Усталость, боль, одиночество – тоже стиль. К нему можно постепенно привыкнуть. И вот уже не так страшно ощущать себя изгоем. Тебя все пинают, унижают, а тебе давно по фигу. И ты можешь иной раз даже намеренно удивлять, провоцировать своей странностью. Потому что наперед знаешь, как все будет. Сначала они подумают, что ты сошел с ума. Будут смеяться над тобой, издеваться и гнать тебя. Но когда-нибудь они устанут. Я знаю. Они всегда устают. И никто из них не поймет тебя, пока их самих не станет душить безмолвный крик.
Я слабо помню безопасный мир, за которым можно было просто наблюдать, а не пропускать его в бессильных корчах через себя. Каждую ночь, пытаясь заснуть, я смотрел на огни загадочного здания напротив. Они были как точки-тире азбуки Морзе. И мне казалось, что еще чуть-чуть, и я уловлю смысл послания этих светящихся окон. А потом они вдруг исчезли, и я даже стал думать, не приснились ли мне они.
Но спустя восемь лет я попал в больницу как будто только для того, чтобы бессонной ночью узнать в здании напротив окна своего бывшего дома. И бесконечно вглядываться в них из длинного тире общей палаты в дурацкой надежде уцепить хотя бы блик неспящего четырехлетнего себя. С тех пор мне больше нравится думать о том, что со мной могло бы случиться, вместо того чтобы жить в том, что уже произошло.
Вокруг было столько Александров, Сергеев, Андреев! Но с девчачьим именем Никита и во дворе, и в школе был только я один. А ведь если бы в нем перекатывалось грозное «ррр!», все могло сложиться иначе!
Будь я Серегой, у меня был бы шрам возле левого глаза, а еще – удобная дырка в передних зубах, чтобы дугой посылать плевок для упрочения каждого своего слова и взгляда. Будь я Андреем, сразу стал бы выше других, увереннее и смелее. А Александром – так никто не сравнился бы со мной по ширине плеч. Но мое имя как назло заканчивается на «а», и, значит, я обречен на хилость и трусоватость. Какие ж это аргументы в дворовой войне за место под солнцем?!
Я представлял, как вырасту, стану сильнее и однажды побью всех своих обидчиков отважно. Я так и говорил им, что скоро придет мое время. А они смеялись в ответ и говорили, что тоже станут еще взрослее и сильнее. Через несколько лет выяснилось, что сильнее-то я стал, но драться уже не хотелось. Да и не с кем. Двор опустел. Мои жестокие друзья куда-то подевались, про некоторых ходили слухи, что – в колонию.

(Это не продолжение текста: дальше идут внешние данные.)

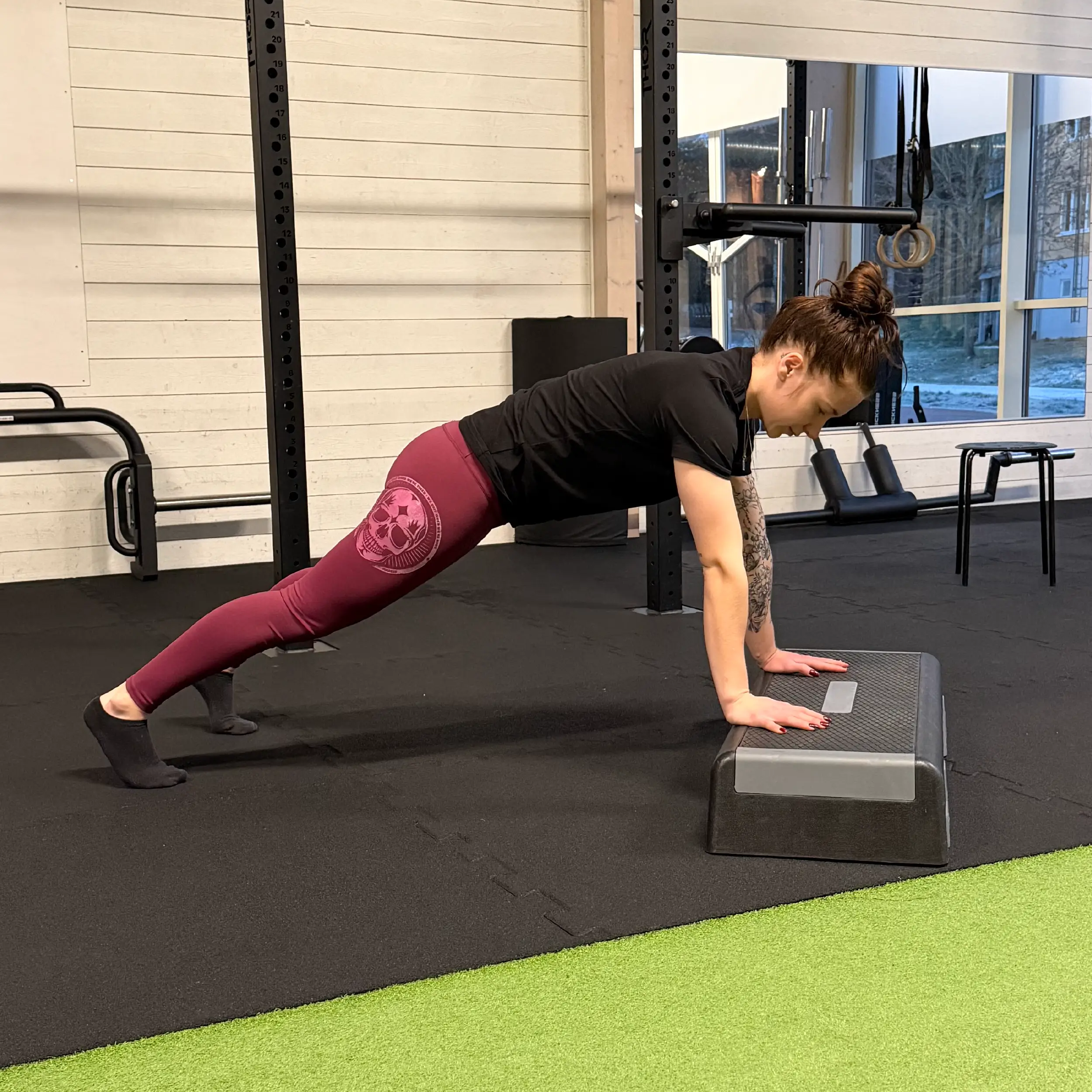 Tips: Ju högre yta, desto lättare – Om det känns för tungt, använd en högre bänk eller gör armhävningen mot en vägg. Ju lägre yta, desto tyngre – För att öka svårighetsgraden, välj en lägre bänk eller låda.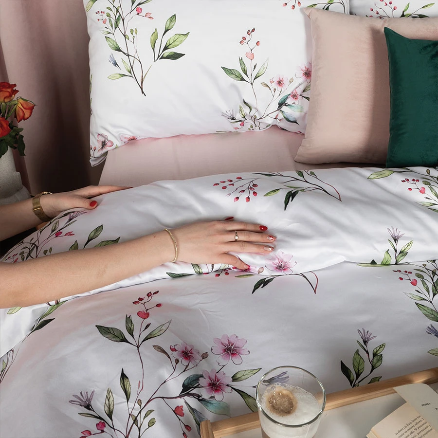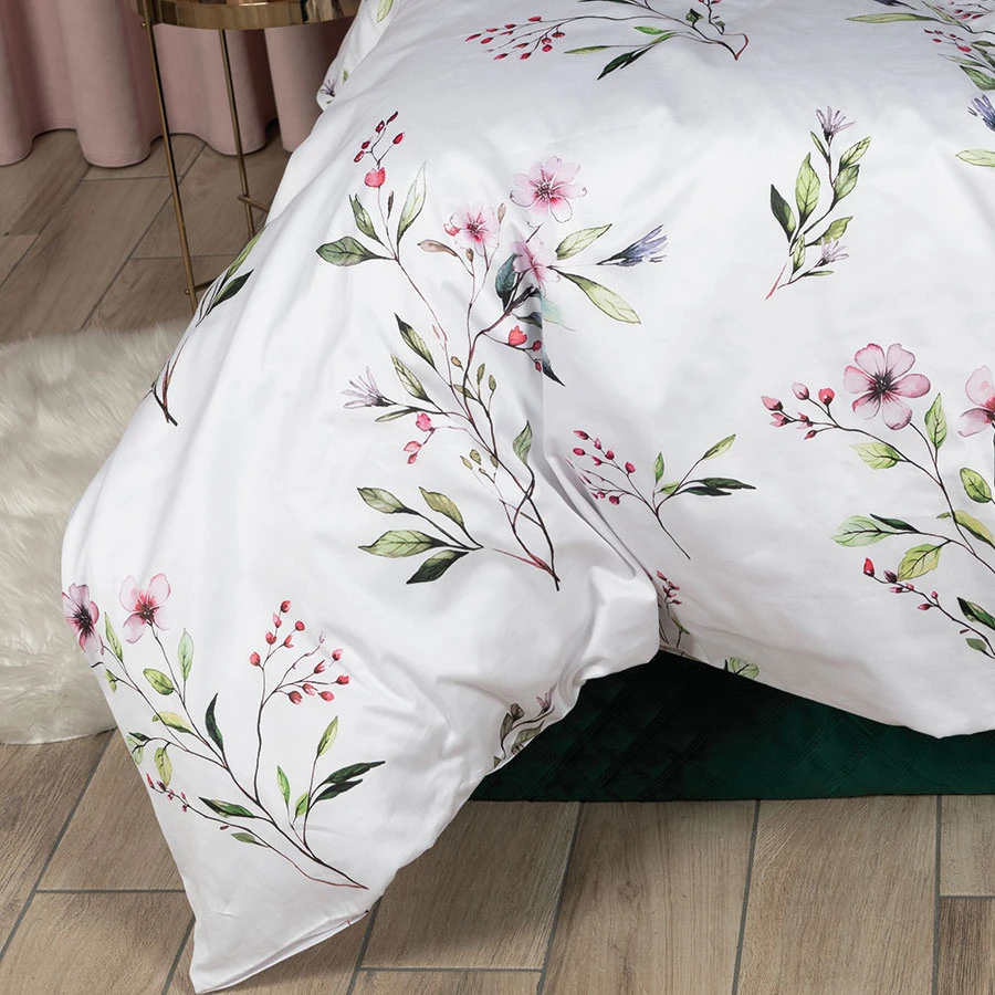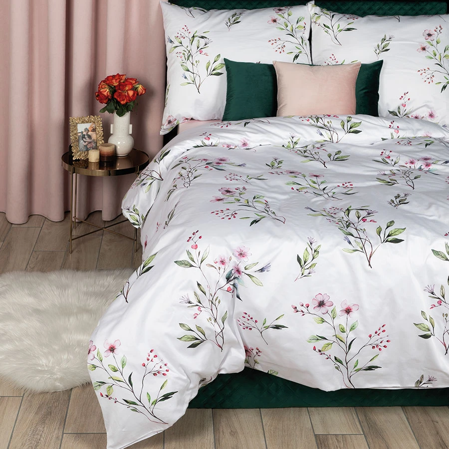 Stwórz w swojej sypialni atmosferę spokoju i delikatności dzięki kompletowi pościeli EDEN. Kwiatowy wzór w pastelowych odcieniach na białym tle wnosi świeżość i naturalność, tworząc przytulne, stylowe wnętrze. Dwustronny nadruk pozwala na łatwą zmianę aranżacji, dostosowując sypialnię do Twojego nastroju. Idealnie komponuje się z wystrojem w stylu skandynawskim, glamour oraz klasycznym.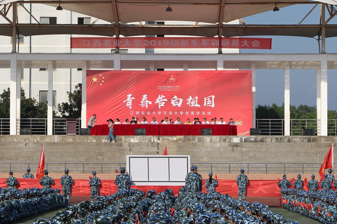 训青年体魄,立凌云壮志。9月19日上午,我校2019级新生军训动员大会在东区运动场举行,副校长许斌华,各学院、各有关职能部门负责人出席了此次大会。许斌华副校长亲切问候全校新生并对军训提出相关要求,教官和新生代表发言为军训助威。最后,我院新生歌唱祖国,以饱满的精神,整齐地列队宣告军训的正式开始。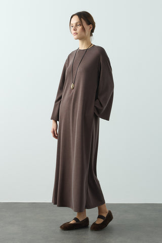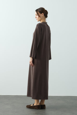Trec Geniş Kollu Uzun Elbise Kahverengi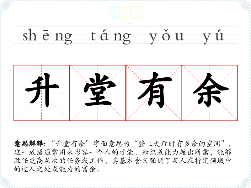“升堂有余”字面意思为“登上大厅时有多余的空间”。这一成语通常用来形容一个人的才能、知识或能力超出所需,能够胜任更高层次的任务或工作。其基本含义强调了某人在特定领域中的过人之处或能力的富余。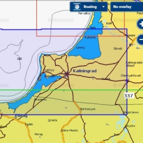 Зона покрытия карты: Куршский залив, Реки Дейма, Преголя, Матросовка, Тимбер, Ржевка, Шешупе, Немонин, Луговая, Тава, Полесский и Приморский каналы. Города Калининград, Гвардейск, Полесск, Черняховск, Советск, Зеленоградск.

Спорт тут же потерял для меня привлекательность жизненной необходимости. Дзюдо, скалолазание, карате – ничто не удерживало надолго. Я, конечно, видел вживую, как перебарываю себя, покоряю, ломаю, но однообразное качание мышц мешало думать, задавать себе большие вопросы и мучиться над ними, поэтому я все забросил.

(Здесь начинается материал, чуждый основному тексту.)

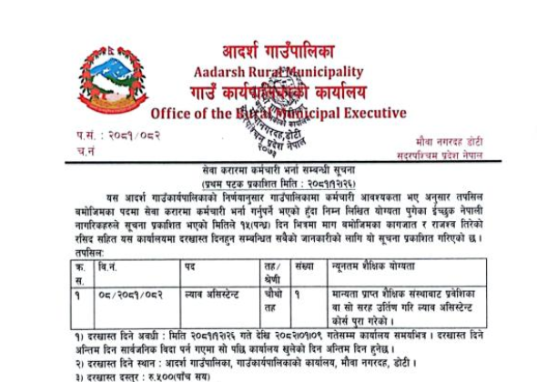 आदर्श गाउँपालिका डोटीमा ल्याब असिष्टेण्ट आवश्यकता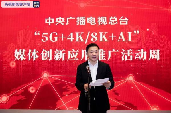 为迎接2020年全国两会,中央广播电视总台成功进行了国内首次5G+8K实时传输和快速剪辑集成制作。5月19日总台举办了“5G+4K/8K+AI”媒体创新应用推广活动周启动仪式,中宣部副部长,中央广播电视总台台长、总编辑慎海雄,中央广播电视总台副台长阎晓明、蒋希伟,中央广播电视总台编务会成员以及中国电信、中国移动、中国联通负责人出席。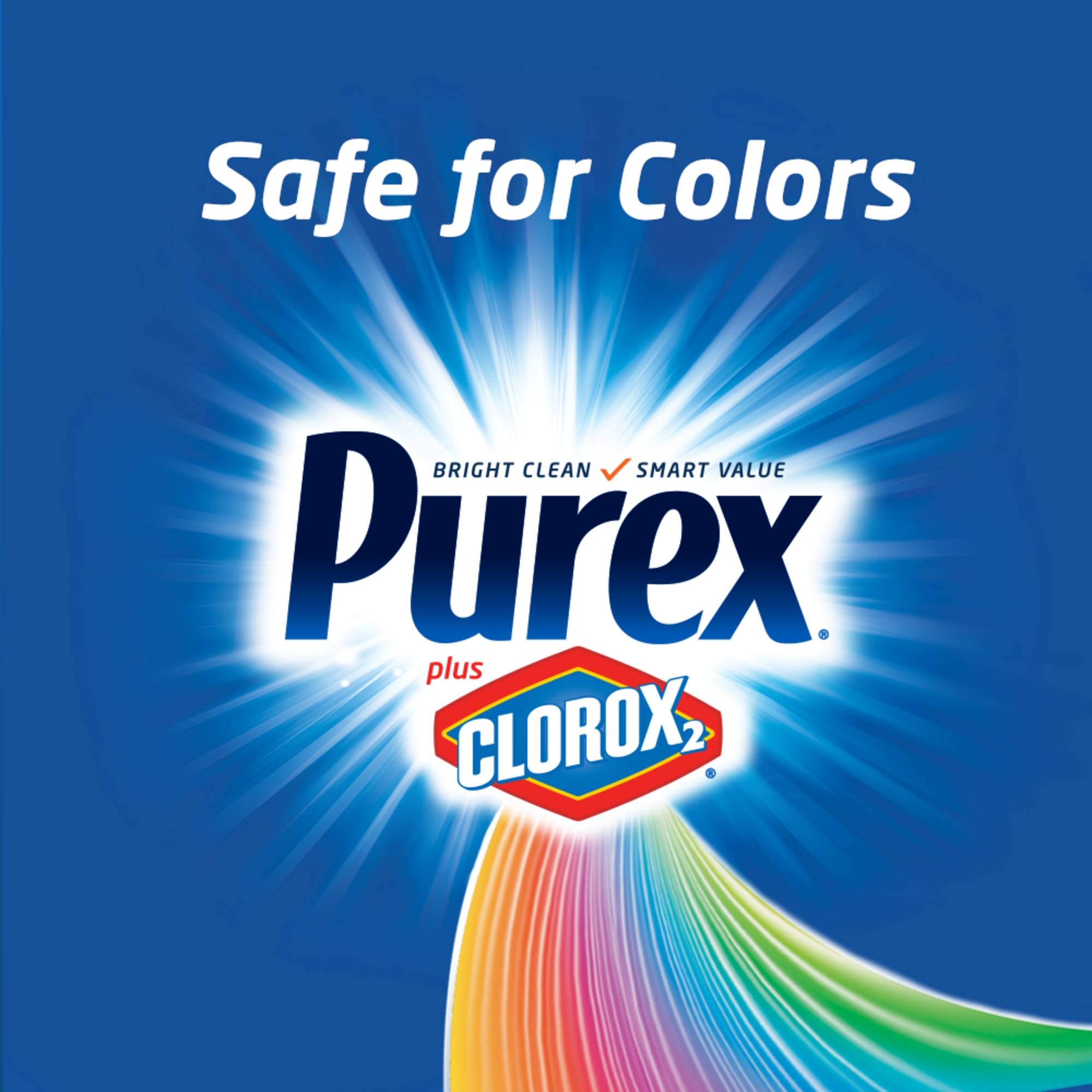 Purex2 Stain Fighter & Bright Booster laundry detergent enhancer is strong enough to remove tough stains like blood, grass, dirt, oil, wine, coffee, tea and others, while leaving your colors bright and your whites their whitest. Purex2 Stain Fighter & Bright Booster is made with a color safe bleach that is chlorine-free and 100% safe on all colorfast washables, whites, and delicate clothes. You can add it to every load to get rid of tough stains and brighten your laundry.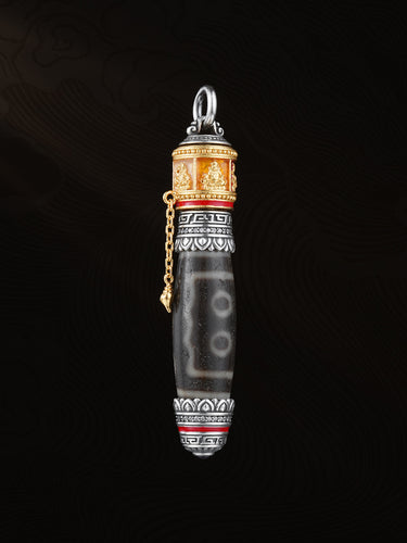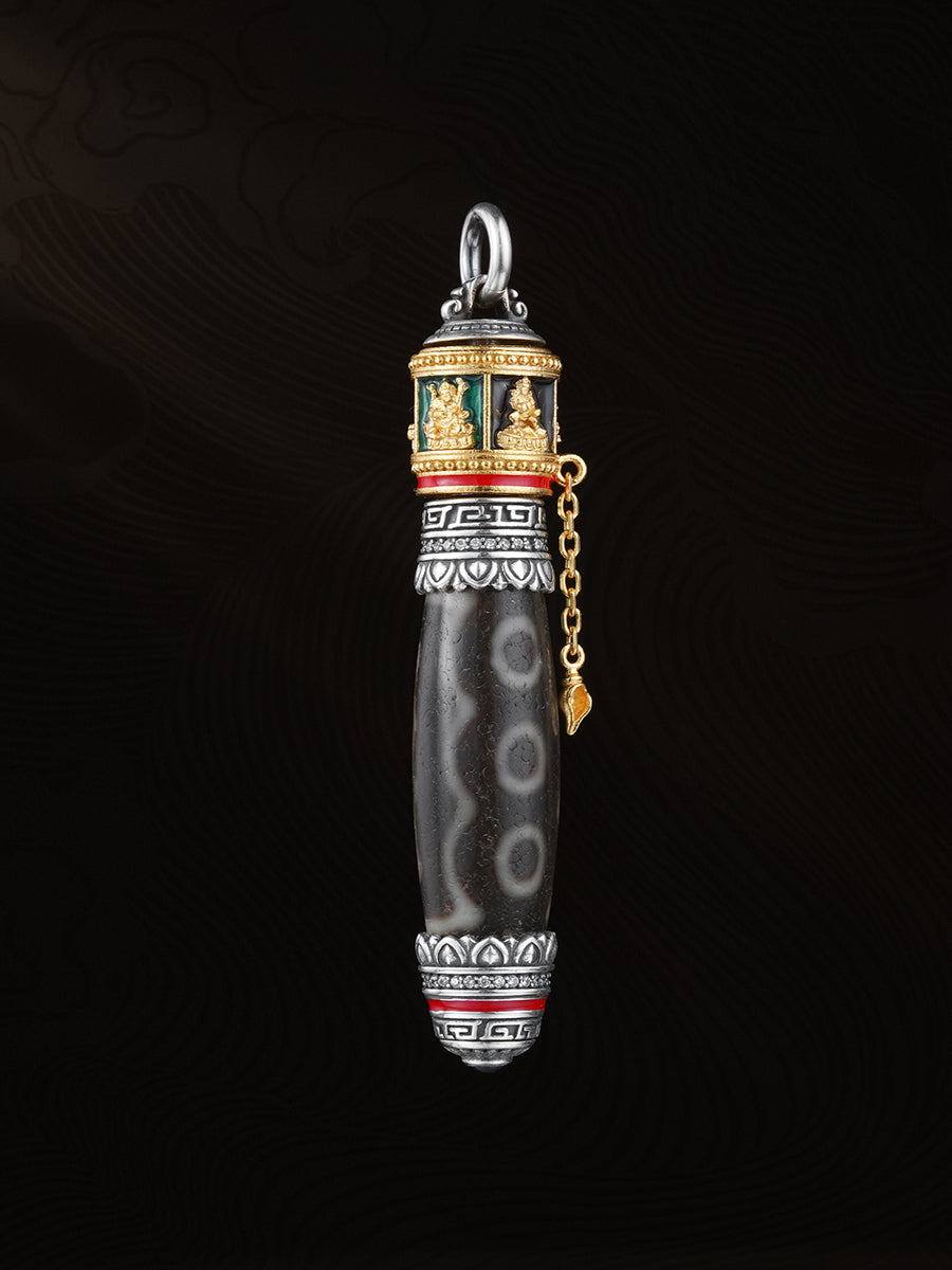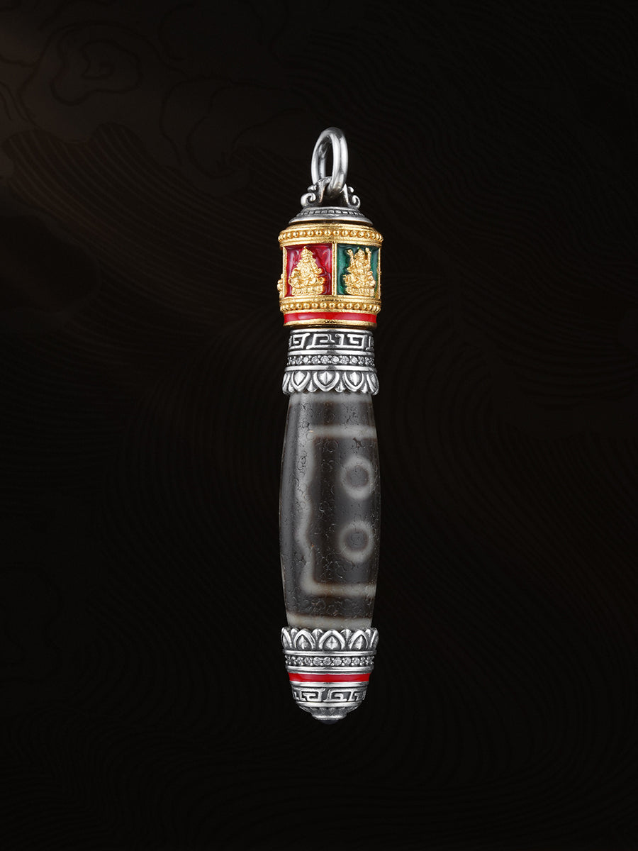Fortune Path Panda Three-Eyed Dzi Silver Pendant

Лучше всего мне думалось на уроках. О чем угодно. Досадливые голоса учителей легко превращались в монотонное жужжание, так успокаивающее и настраивающее на исследование других миров у меня в голове, тысячи тысяч которых переполняли меня тогда.
Даже школьная повинность – уборка класса после уроков, которая у всех вызывала уныние, была мне в радость. Особенно зимой, когда рано темнело. Я мыл пол, оттирал от мела доску, не включая света. Знакомая комната, где днем происходило столько всего нервного и мучительного, в полутьме выглядела какой-то заброшенной. Заброшенным чувствовал себя и я.
Мне казалось, что я остался один на планете, все города, все дома пусты. И чтобы украсить свое тотальное, но такое желанное одиночество, я принимался вырезать из вырванных из дневника листов голубоватые цветы.
Только так, вдали от неприятностей и хаоса, раскладывая по партам свои жалкие бумажные поделки, я добивался почти идеальной безмятежности. И в наивной вере, что смогу надолго, может быть, даже навсегда, удержать это ощущение, давал себе слово избегать опасных вершин, разбавлять чувства, дозировать, сводить на нет навязчивые желания.
Но вскоре забывал об этом и в задумчивости совершал очередные странные и удивительные поступки, которых даже не замечал, пока кто-нибудь из реального мира грубо не окликал меня. Больше всех это сердило и раздражало папу. Он говорил, что у меня голова как сито и слышно, как в ней гуляет ветер. И как-то так получалось, что он оказывался прав чаще, чем мне этого хотелось.

Глубоководное летающее

Однажды я не заметил, как забрался на дерево в школьном дворе. Раскинув руки и ноги, я летел в холодной пустоте неба совершенно счастливый. Вдруг раздался дикий крик: «Стой, паразит, стой!» А я и не собирался уже никуда, не мог, почти не дышал от удара об асфальт.
Лежал и смотрел на огромную грозную тень, которая, визжа и раскачиваясь, рассказывала мне, как меня завтра будут исключать из школы. Тень принадлежала самому директору школы и, наверное, поэтому считала, что я должен ее бояться. И явно удивилась, когда я сказал ей: вот и хорошо, никто больше не будет мешать мне учиться летать.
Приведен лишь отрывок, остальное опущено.